**Instructions to follow**
Beginning with the line that contains "Vestido de noiva" in the material below, print each line exactly until the line that contains "DeWALT DT90237 3" has been printed, then stop.

**Exercise input**

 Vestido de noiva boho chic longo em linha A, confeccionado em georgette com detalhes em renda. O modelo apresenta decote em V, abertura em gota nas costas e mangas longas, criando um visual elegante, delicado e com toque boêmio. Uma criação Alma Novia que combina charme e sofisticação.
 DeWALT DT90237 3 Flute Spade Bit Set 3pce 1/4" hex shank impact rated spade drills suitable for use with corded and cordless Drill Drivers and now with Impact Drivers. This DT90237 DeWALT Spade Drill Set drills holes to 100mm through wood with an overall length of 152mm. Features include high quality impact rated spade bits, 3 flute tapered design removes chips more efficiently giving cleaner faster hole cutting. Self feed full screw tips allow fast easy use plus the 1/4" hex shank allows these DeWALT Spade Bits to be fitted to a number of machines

---

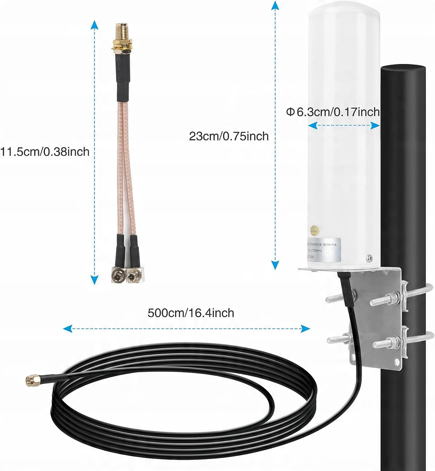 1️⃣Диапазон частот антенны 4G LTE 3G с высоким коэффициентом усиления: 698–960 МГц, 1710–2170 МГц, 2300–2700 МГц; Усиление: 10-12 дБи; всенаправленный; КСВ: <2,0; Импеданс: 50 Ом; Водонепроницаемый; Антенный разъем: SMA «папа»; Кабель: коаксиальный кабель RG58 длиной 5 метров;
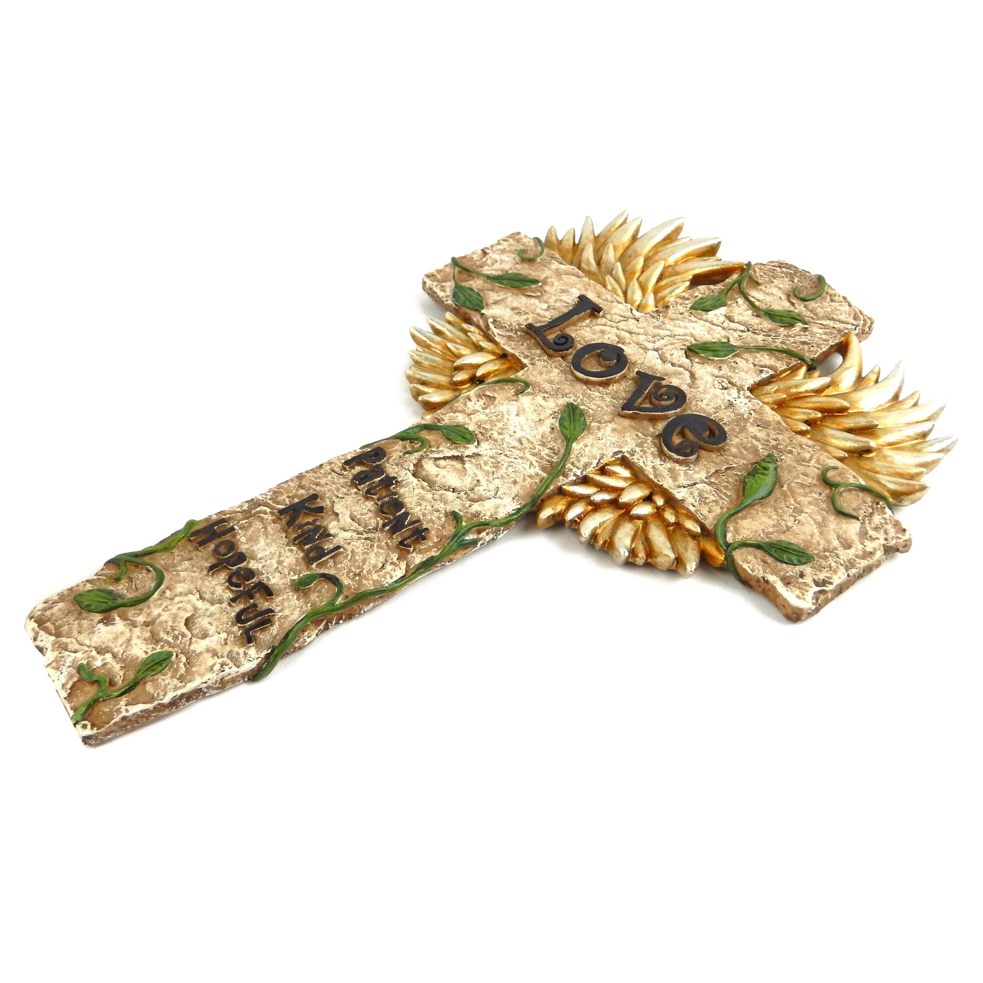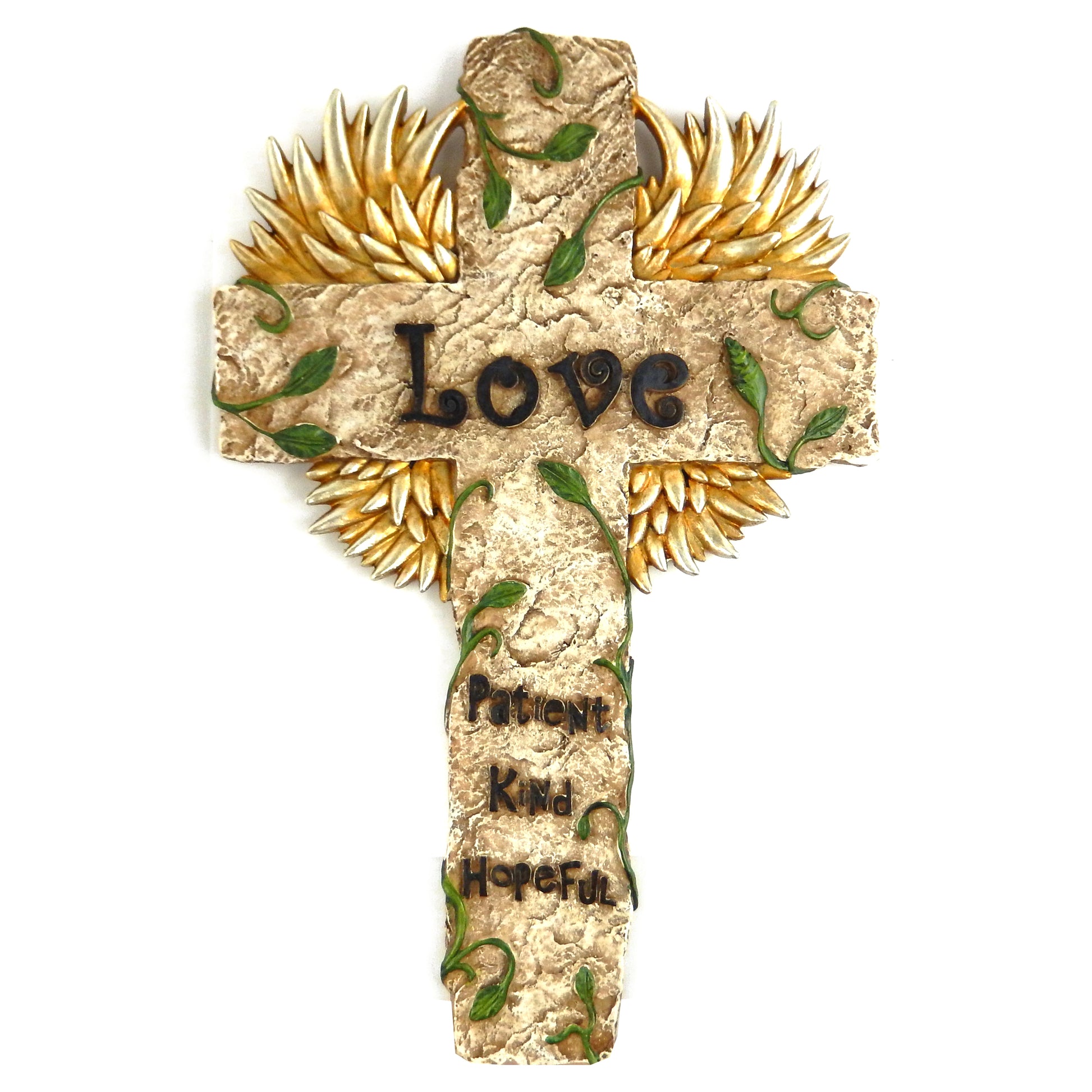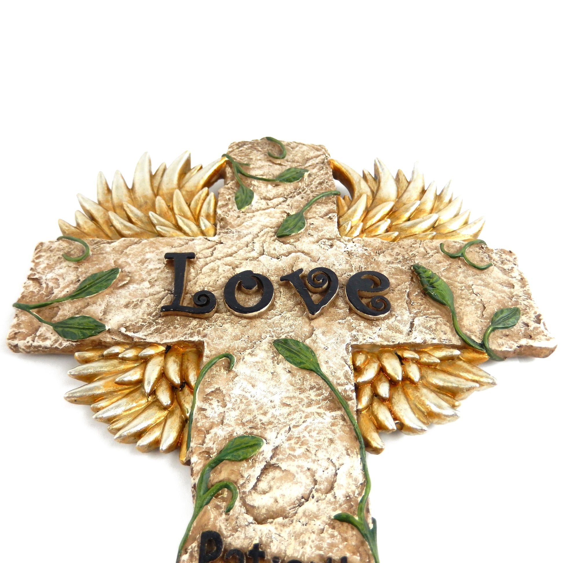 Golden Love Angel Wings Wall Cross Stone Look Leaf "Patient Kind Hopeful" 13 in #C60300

**Solution**
 Vestido de noiva boho chic longo em linha A, confeccionado em georgette com detalhes em renda. O modelo apresenta decote em V, abertura em gota nas costas e mangas longas, criando um visual elegante, delicado e com toque boêmio. Uma criação Alma Novia que combina charme e sofisticação.
 DeWALT DT90237 3 Flute Spade Bit Set 3pce 1/4" hex shank impact rated spade drills suitable for use with corded and cordless Drill Drivers and now with Impact Drivers. This DT90237 DeWALT Spade Drill Set drills holes to 100mm through wood with an overall length of 152mm. Features include high quality impact rated spade bits, 3 flute tapered design removes chips more efficiently giving cleaner faster hole cutting. Self feed full screw tips allow fast easy use plus the 1/4" hex shank allows these DeWALT Spade Bits to be fitted to a number of machines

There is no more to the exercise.